Вместе с тем Газали не мог до конца быть уверенным в разуме и чувствах, не подвергнув их предварительно серьезному экзамену, дабы выяснить, способны ли они обеспечить ему искомое непоколебимое убеждение? И он подверг сомнениям эти два мерила, вскоре заявив: «После длительного анализа я не смог позволить себе довериться ощущениям. Да и откуда быть доверию? Самое сильное чувств о – зрение. Оно видит тень, кажущуюся ему стоящей и неподвижной, и выносит суждение об отсутствии движения; однако в результате наблюдения через час оно узнает, что тень движется, но движется не резко и интенсивно, а постепенно, песчинка за песчинкой, не останавливаясь ни на секунду. Оно смотрит на звезду, полагая, что та мала – не больше динара; однако астрономические расчеты предъявляют доказательства того, что она во много раз больше Земли. О подобных ощущениях судья-“Чувство” выносит свой вердикт, но судья-“Разум” обвиняет его во лжи и предательстве, используя неопровержимые доводы».

Так доверие Газали к чувствам пропало, и в его распоряжении не осталось ничего, кроме разума. Но и разум необходимо подвергнуть экзамену: «Ощущения говорят: “На основании чего ты так безоговорочно уверен в логике? Кто знает, быть может, ощущения заслуживают не меньшего доверия к себе, чем рациональная логика?

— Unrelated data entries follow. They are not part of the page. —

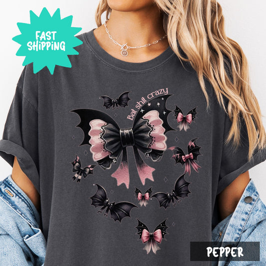 Bat Shit Crazy Bats and Bows Comfort Colors T-Shirt, Halloween T-Shirt, Gothic Bow T-Shirt
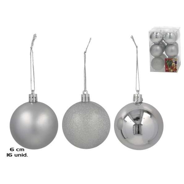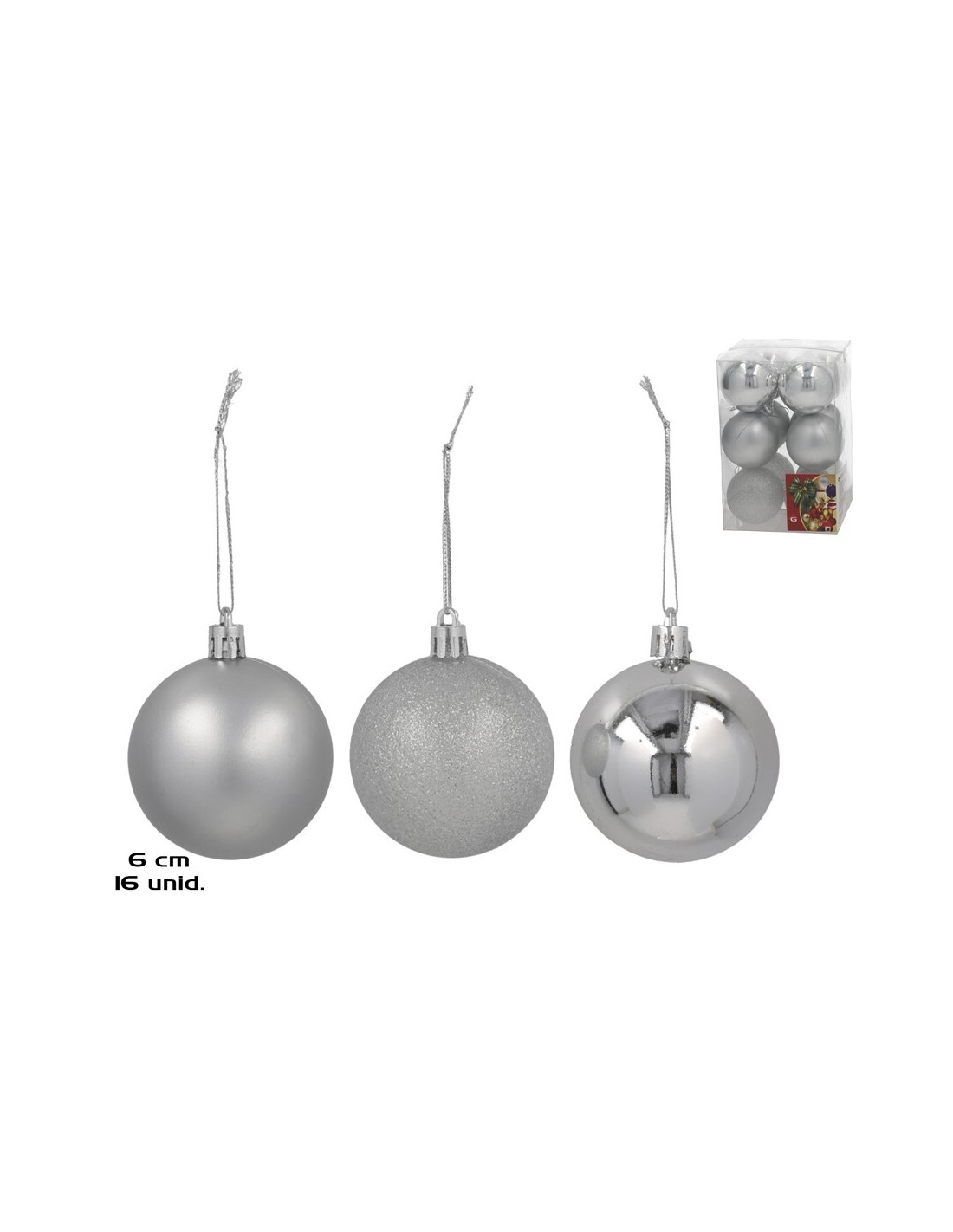 SET 12 BOLAS DE NAVIDAD PLATA 6CM 3 SURT
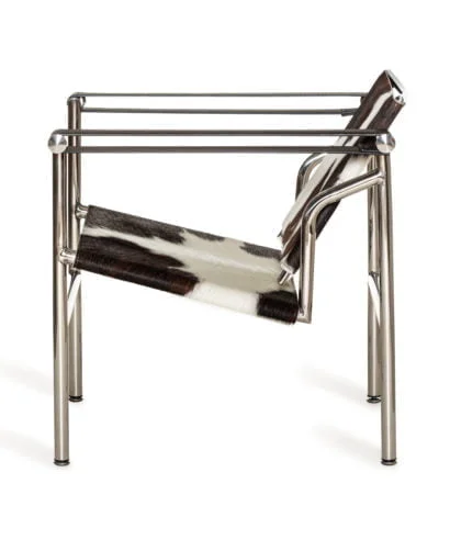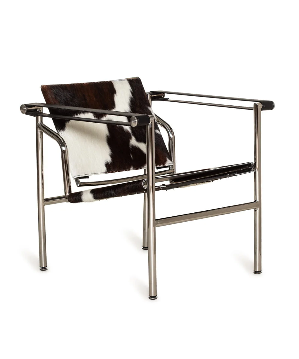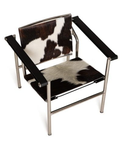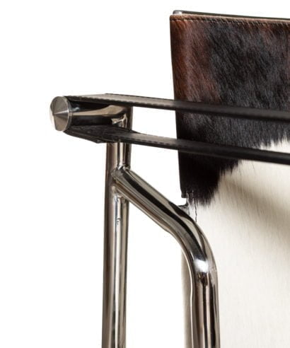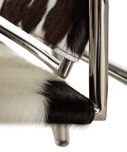 חומר גלם : מושב וגב הכורסא עור פרה אמיתי שחור+ לבן, גוף הכורסא ניקל כסוף.

Ведь прежде ты всецело доверял мне, но вдруг явился судья-“Разум” и ты назвал меня ложью. Не будь судьи-“Разума”, ты бы продолжал верить мне. А вдруг за пределами логического познания есть иной судья? Откройся он тебе, он бы показал лживость логики и ее несостоятельность, подобно тому как судья-“Разум” обвинил “Чувство” во лжи. То, что данное мерило не открылось, еще не доказывает, что его не существует».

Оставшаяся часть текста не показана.